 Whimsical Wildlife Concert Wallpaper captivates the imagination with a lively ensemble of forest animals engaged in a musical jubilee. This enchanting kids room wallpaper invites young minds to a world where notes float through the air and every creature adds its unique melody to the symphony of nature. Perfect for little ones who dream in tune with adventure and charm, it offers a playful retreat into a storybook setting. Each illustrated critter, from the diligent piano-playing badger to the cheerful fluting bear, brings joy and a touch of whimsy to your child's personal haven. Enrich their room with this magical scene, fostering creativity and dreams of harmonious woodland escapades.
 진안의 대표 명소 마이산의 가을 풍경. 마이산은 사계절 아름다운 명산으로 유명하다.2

---

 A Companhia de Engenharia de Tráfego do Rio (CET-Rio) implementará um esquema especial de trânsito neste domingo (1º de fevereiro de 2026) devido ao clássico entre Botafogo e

▶ [TASK INSTRUCTIONS] Print the lines above from the one with "Whimsical Wildlife Concert" through the one with "진안의 대표 명소 마이산의", both included, exactly as written and nothing more.

▶ [SOLVED EXERCISE]
 Whimsical Wildlife Concert Wallpaper captivates the imagination with a lively ensemble of forest animals engaged in a musical jubilee. This enchanting kids room wallpaper invites young minds to a world where notes float through the air and every creature adds its unique melody to the symphony of nature. Perfect for little ones who dream in tune with adventure and charm, it offers a playful retreat into a storybook setting. Each illustrated critter, from the diligent piano-playing badger to the cheerful fluting bear, brings joy and a touch of whimsy to your child's personal haven. Enrich their room with this magical scene, fostering creativity and dreams of harmonious woodland escapades.
 진안의 대표 명소 마이산의 가을 풍경. 마이산은 사계절 아름다운 명산으로 유명하다.2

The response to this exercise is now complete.